I value apprenticeships. Here’s why you should too.

Jade Ling

As a result of the pandemic and cancelled exams, many young people are considering other options as alternatives to university. To celebrate National Apprenticeship Week, Jade Ling discusses the opportunities that her apprenticeship unlocked.

 

Schools like to believe that after you leave their doors for good, you’re prepared for the ‘real world’. After all, you have found the value of ‘x’, studied the star-crossed lovers and taken enough exams to last a lifetime. But to me, the idea that school teaches you everything, is absurd and I would argue that it is wholly untrue.

My apprenticeship not only provided me a stepping stone into a career I love, it taught me how to be confident in my ability, how to adapt and most importantly, that it’s ok to make mistakes and learn from them.

My course was 18 months long and during that time, I was part of a royal visit, managed the communications for elections and helped put a tiny town on the map in the Highstreet of the Year Awards. If you had told me when I was at school, that I would go on to do all of those things, I probably would’ve laughed you out of the room.

In year 10 and 11, teachers talk about two main things; the importance of studying for your exams and making sure your a-level applications are in.

Other than what I saw on the news, I didn’t know anything about apprenticeships and let’s be honest, they can get a bad name in the press. I knew that after being stuck in a classroom for 11 years, the last thing I wanted to do was sign up to do it again.

I have learnt that classroom or not, there are some things that learning just can’t prepare you for. You think you’re ready to take on the world but when the world comes knocking with a global pandemic, you’re forced to adapt and learn as you go and my ability to do this, is something I credit my apprenticeship for.

I learnt how to balance work for my company and assignments and it has stood me well for the challenges we have all faced this past year. 

In my eyes, learning as you go is the best way forward. Whether that’s professional or personal. It’s how I am navigating mortgages and all of those things you don’t realise come along with adulthood when you’re dreaming of growing up. But it’s also how I have approached my career.

Would I have learnt a lot being sat in a lecture hall for three years? Yes, I would have. But would I have picked up the wealth of skills that I have now thanks to my apprenticeship? I am pretty confident when I say that I wouldn’t have.

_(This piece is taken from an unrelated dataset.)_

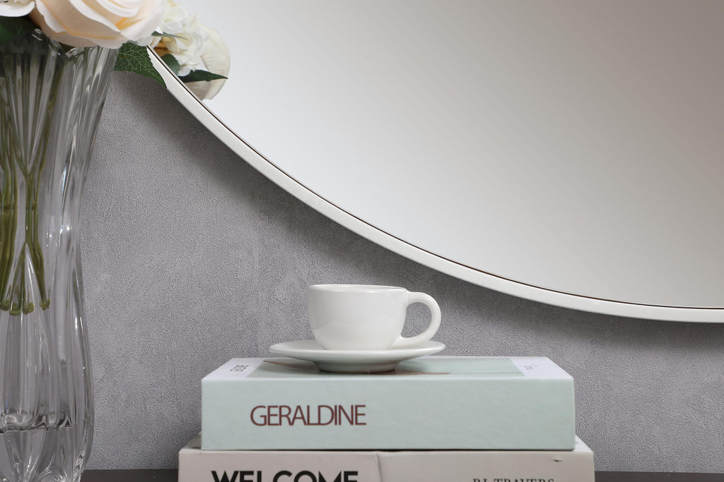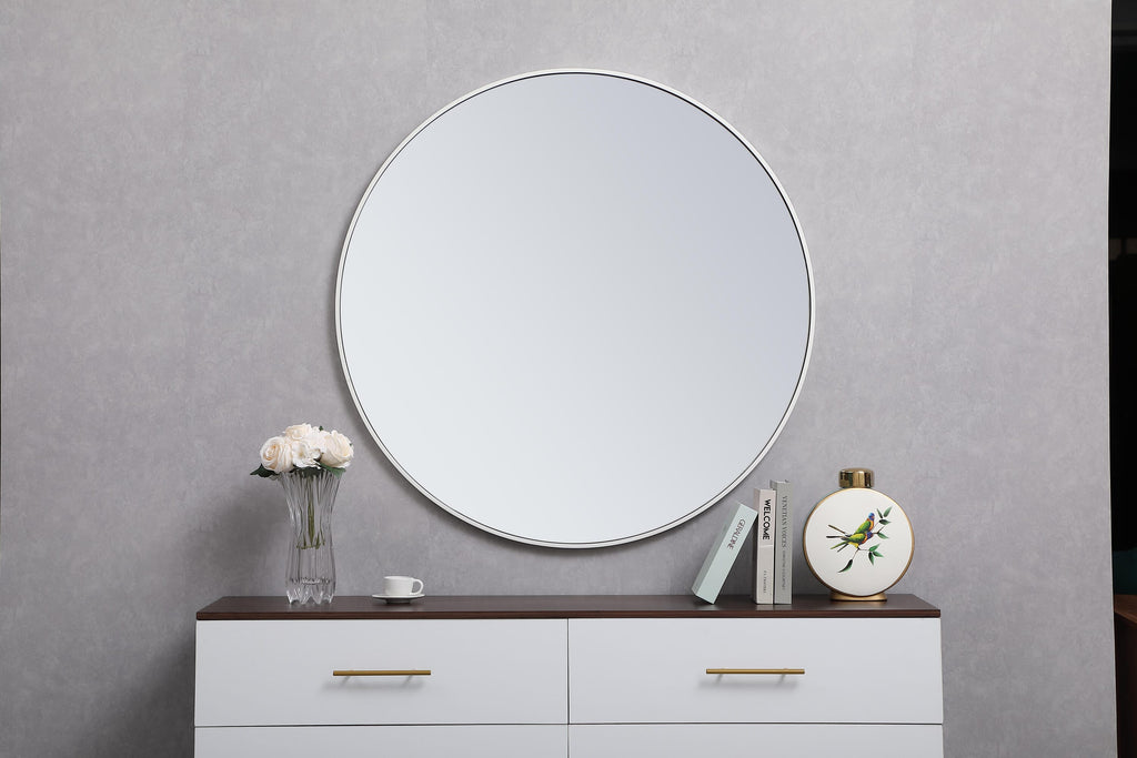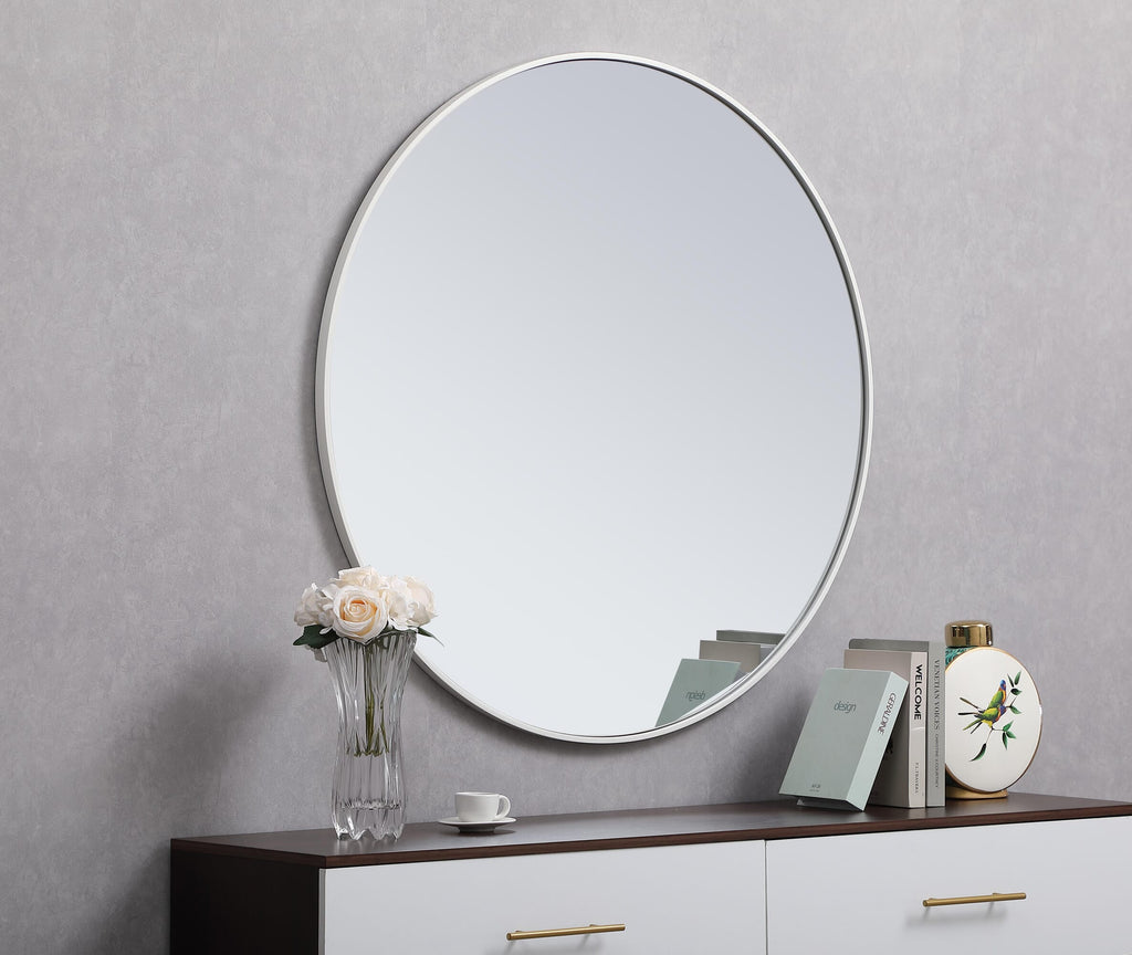 Dimensions Length: 42" Width: 1" Height: 42" Depth: 1" Specifications Product Type: Vanity Mirrors Wire Included: No Harware Material: metal Fixture Material: Metal and MDF Product Shape: Round Assembly Required: No Distressed Finish: No Mirror Frame Shape: Round Mirror Hanging Orientation: Vertical and Horizontal Mirror Mounting: Metal Inset hanger Mirror Type: clear mirror Frameless: No Weight: 30.1 Product Warranty: 1 year limited Shipment type: Oversized Ground

Sure, I would have learnt the syllabus, but, would I be confident to sell stories into the press? Or be part of the team running an election? Absolutely not.

Many people see apprenticeships as the ‘easy way out’ or for people who aren’t as academically skilled and to those who think this, I urge you to do some research and take a look at some of the success stories of people who decided university was not for them.

Because, when you surround yourself with a group of experts every day for a year and a half, you’re learning even if you don’t realise. And that, is incredibly valuable.